Renal biopsy showed malignant lymphoma invasion and an IgA nephropathy pattern (Fig. 2). Light microscopy showed the focal infiltration of small to medium sized lymphoid cells, with convoluted nuclei in the periglomerular and peritubular regions. The majority of these lymphoid cells demonstrated immunoreactivity to CD3+, interspersed with some CD20+ cells. Some EBER+ cells were also detected in the interstitium. An immunofluorescence examination revealed mesangial deposits of IgA and complement component 3. Small, dense deposits in the mesangial matrix were visualized using electron microscopy. The diagnosis of AITL and IgA nephropathy was made based on the clinical and histopathological findings and the results of the laboratory examinations. Before the diagnosis, the patient was initially treated with prednisolone (60 mg) per day. Five days later, the patient's edema was alleviated and his urinary protein level decreased to 0.58 g/gCr, but the hematuria persisted. After the diagnosis of AITL was made, steroid therapy was administered, followed by chemotherapy with intravenous cyclophosphamide (750 mg/m2), pirarubicin, (50 mg/m2) and vincristine (1.4 mg/m2); oral prednisolone (60 mg per day) was administered from days 1 to 5; the duration of one treatment cycle was 21 days. Following the completion of six chemotherapy courses, the patient's symptoms gradually improved, and the generalized lymphadenopathy and edema were alleviated. Following the completion of chemotherapy, the patient's immunoglobulin and serum creatinine levels, proteinuria, and hematuria normalized. Repeated computed tomography examinations showed that the lymphadenopathy and other abnormal findings were resolved.
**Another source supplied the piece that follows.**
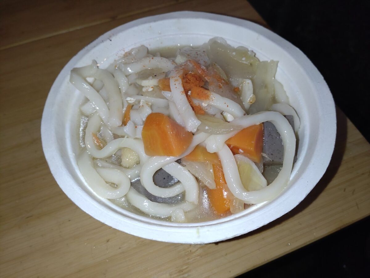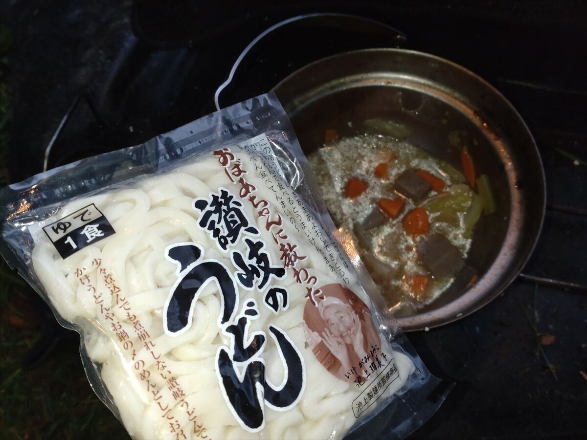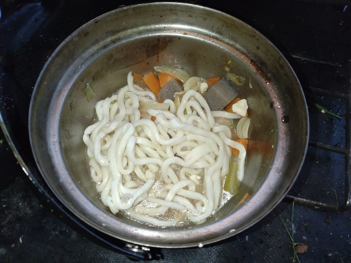 残り半分のお汁にうどんを入れて温めます。

This patient was considered to have achieved complete remission; no subsequent recurrences of lymphadenopathy or edema have been observed.
Discussion
We described the case of a patient with AITL with concomitant IgA nephropathy. We propose that these two diseases could be pathologically associated from two points of view. First, the serum IgA in AITL patients can be pathogenic and may cause extranodal involvement. The phenomenon of excessive serum IgA production in AITL patients has also been reported and is believed to result from the excessive differentiation of IgA-plasmablasts, which is induced by transforming growth factor-β1 and interleukin-21, which are released by neoplastic T follicular helper cells (7). Furthermore, elevated serum IgA levels have been shown to be a novel prognostic factor in patients with AITL, although the underlying mechanism remains to be clarified (8,9). With respect to the direct pathological contribution of IgA in AITL patients, several IgA-related extranodal diseases have been reported to be associated with AITL. These include IgA-related leukocytoclastic vasculitis (10,11), atypical linear IgA dermatosis (12), and IgA pemphigus (13). These findings suggest that AITL patients may produce pathogenic IgA, which may result in extranodal diseases, including nephropathy.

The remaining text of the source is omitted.